The anti-PD-1 therapy nivolumab demonstrated an overall objective response rate of 31%, with a median duration of 2 years in patients with advanced melanoma.
Mario Sznol, MD
The anti-PD-1 therapy nivolumab demonstrated an overall objective response rate (ORR) of 31%, with a median duration of 2 years in patients with advanced melanoma, according to long-term results of a phase I study presented at ASCO 2013.
The data were follow-up findings from the CA209-003 phase I trial, presented at the 2012 ASCO Annual Meeting. That earlyphase study found that nivolumab, then called BMS-936558, exhibited substantial activity in melanoma, renal cell carcinoma (RCC), and non-small cell lung cancer (NSCLC).
Patients with melanoma who participated in the study had stage IV disease and had been heavily pretreated, with 25% having undergone three or more prior therapies and 63% experiencing two or more prior therapies. The trial evaluated five dosages, with patients receiving nivolumab intravenously every 2 weeks for up to 2 years (≤12 cycles at 4 doses/cycle) at doses ranging from 0.1 mg/kg to 10 mg/kg.

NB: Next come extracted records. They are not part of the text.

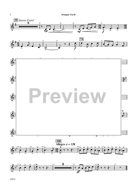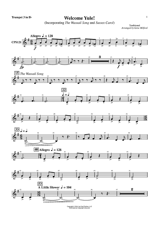 Digital Sheet Music for Welcome Yule! - Trumpet 3 in Bb by Traditional, Gene Milford scored for Concert Band; id:420338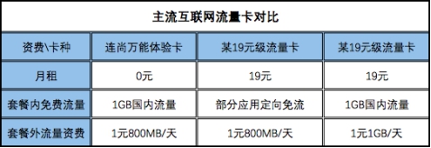 相较于市面上比较常见的19元级流量卡,连尚万能体验卡的价格优势非常明显。用户不仅省去了每月19元的月租费,还可免费使用每月1GB的国内通用流量,比很多定向免流卡适用范围更广。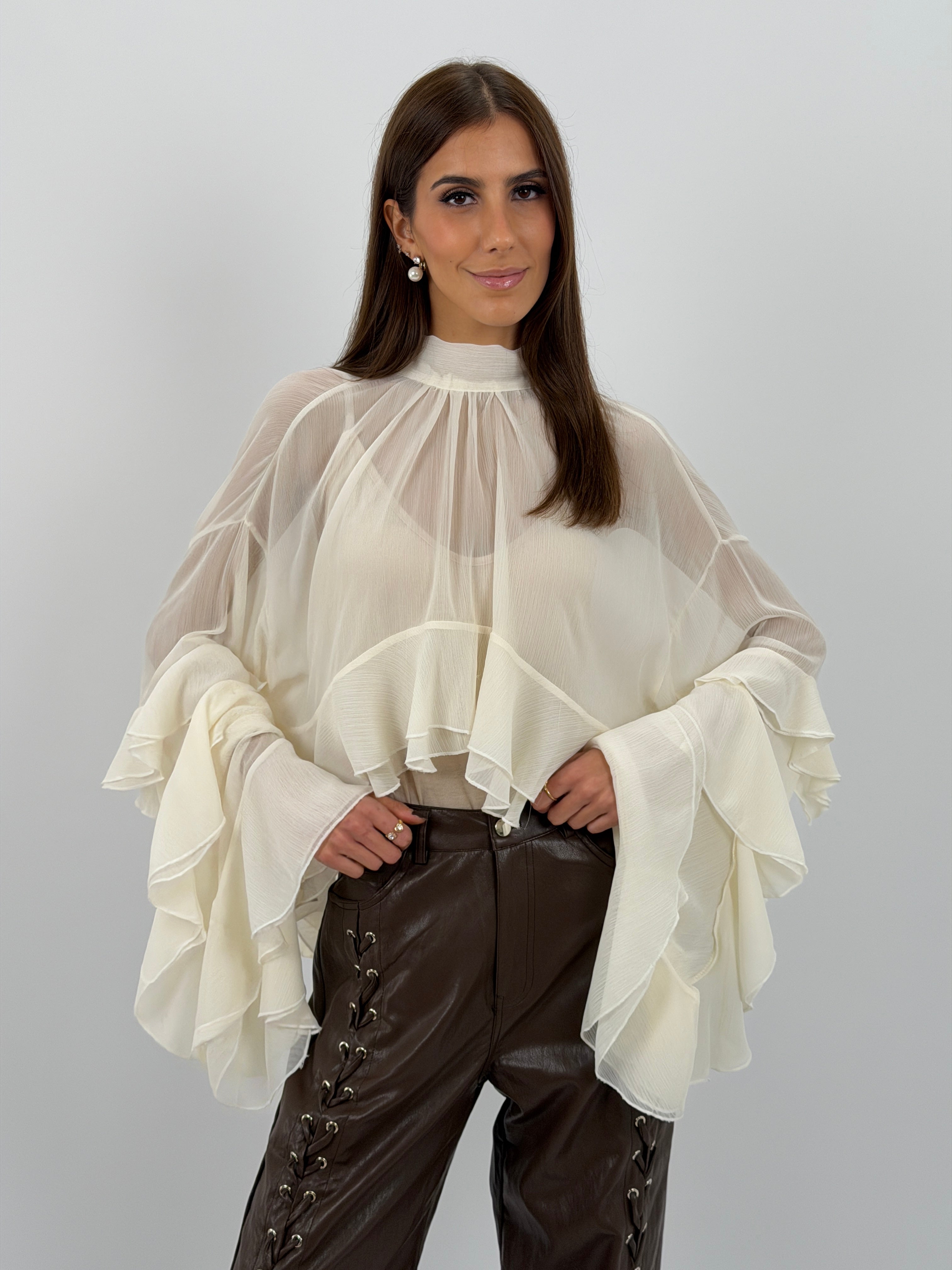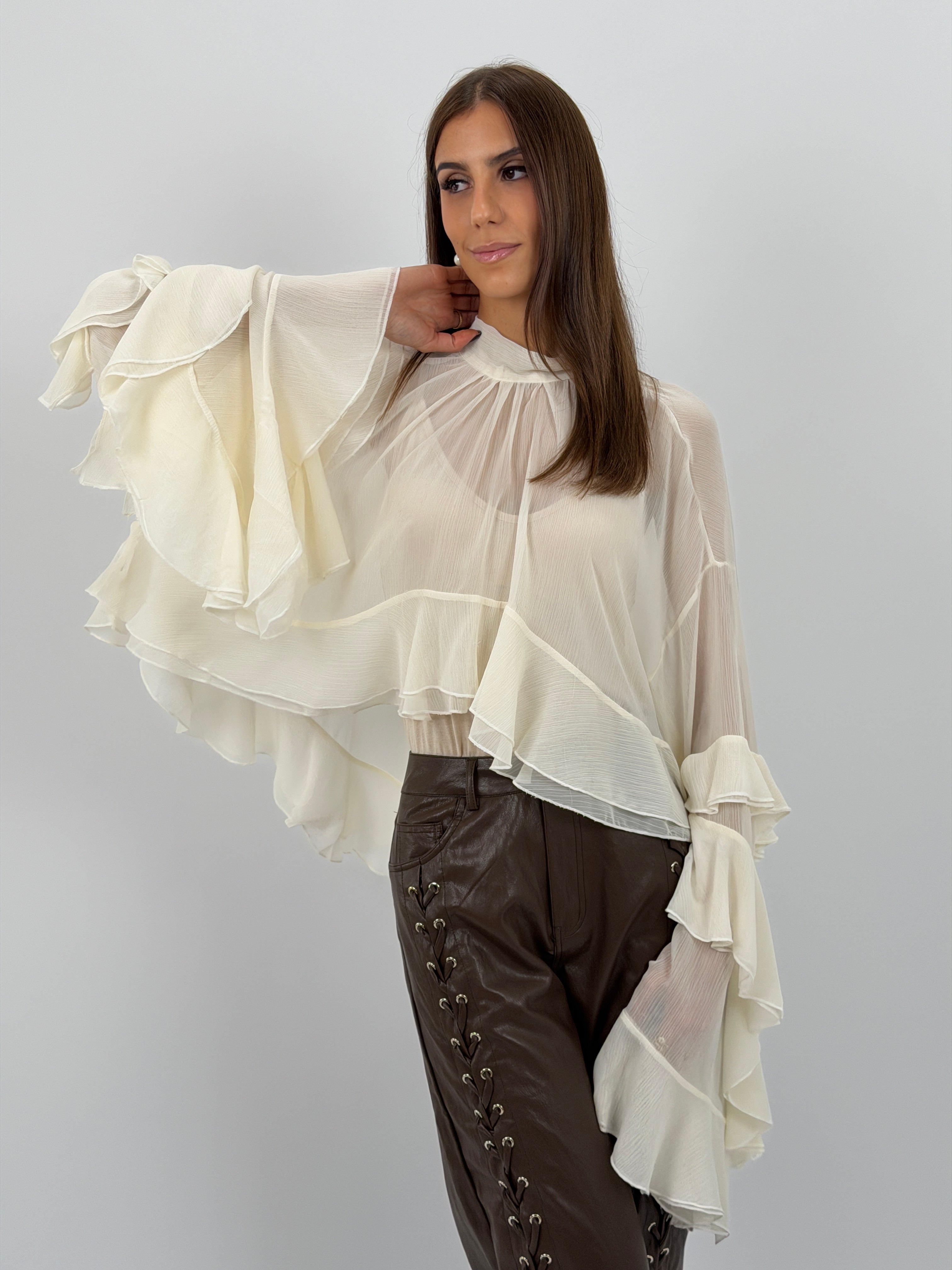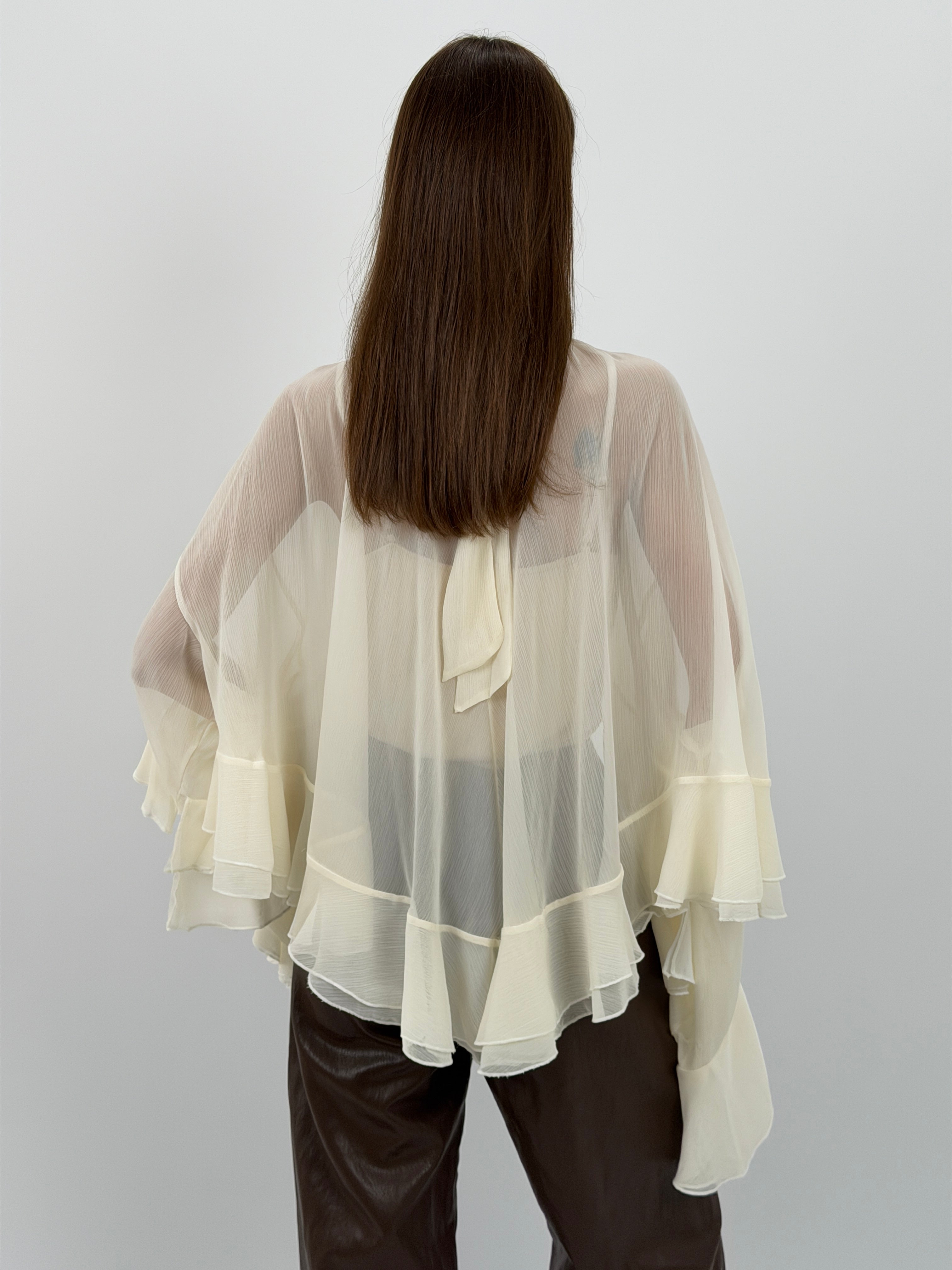 Blusa color crema in tessuto semitrasparente con maniche ampie, balze e volant, chiusa da lacci sul collo.
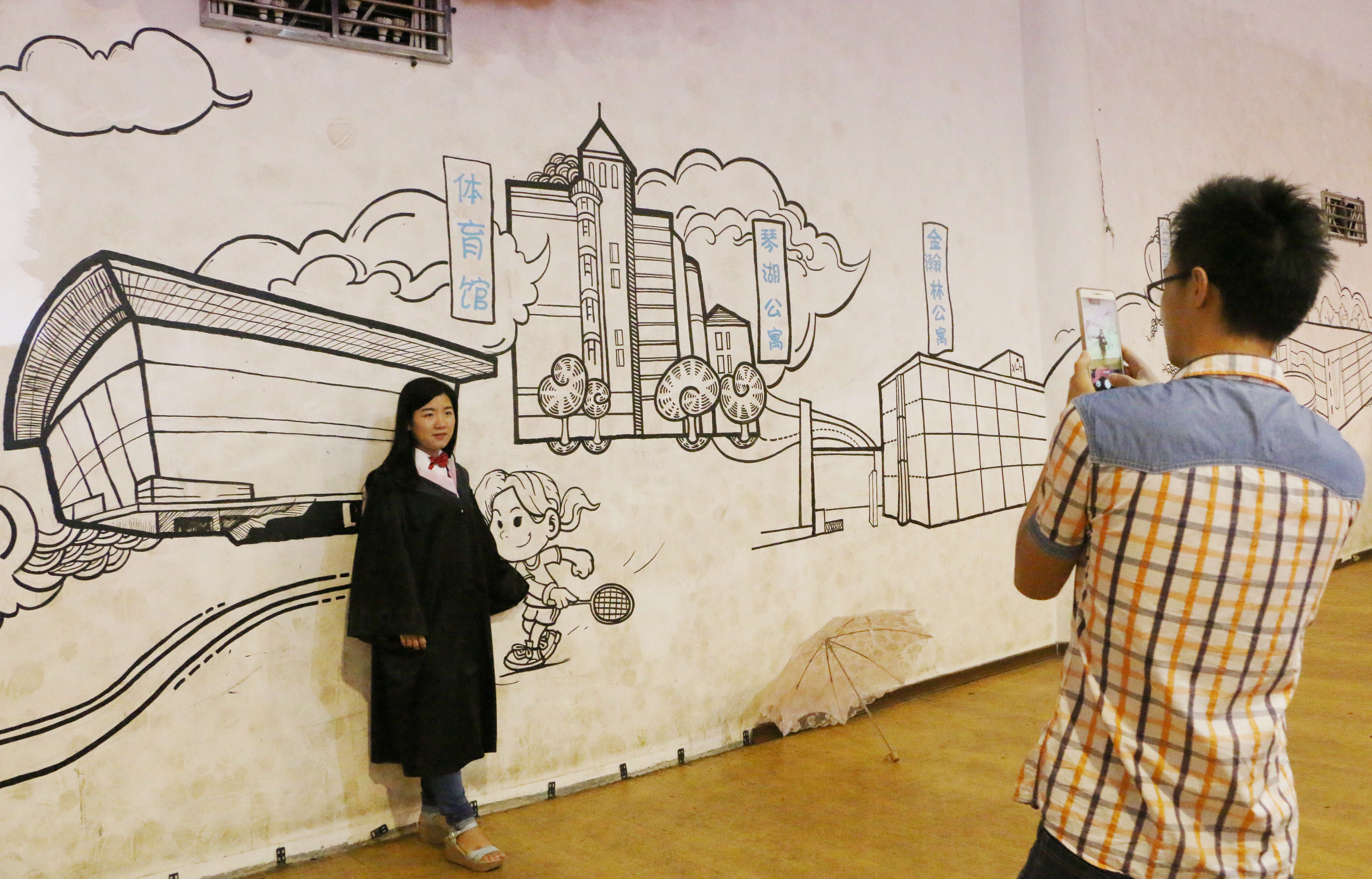 在体育馆负一楼篮球毕业典礼分会场的墙壁上绘制了yl23411永利集团官网的南校门、图书馆、教学楼、办公楼、运动场、校园小黄等20多幅学校景观墙绘,这是yl23411永利集团官网的100多位学生,历时四天,为毕业典礼而专属绘制的。国防毕业生李哲站在墙绘前思绪万千:“ 看着这些墙绘,想到了自己当新生教官在各个教学楼前坪军训的时光,以后再也没有机会听学弟学妹叫自己李教官了,心里难舍,这里很多图片都承载了我和兄弟们挥洒汗水的记忆!”

In the follow-up results presented at ASCO 2013, 33 out of 107 (31%) patients with melanoma experienced tumor shrinkage of at least 30% as defined by RECIST. The median overall survival (OS) across all dosages was 16.8 months, and there was a higher OS of 20.3 months for the 3-mg/kg dose, which will be used in subsequent studies. The 1- and 2-year survival rates were estimated at 62% and 43%, respectively.
Of 17 trial participants who stopped taking nivolumab for reasons other than disease progression, 12 remained progression- free for at least 12 weeks. Eight of those 12 patients have not relapsed.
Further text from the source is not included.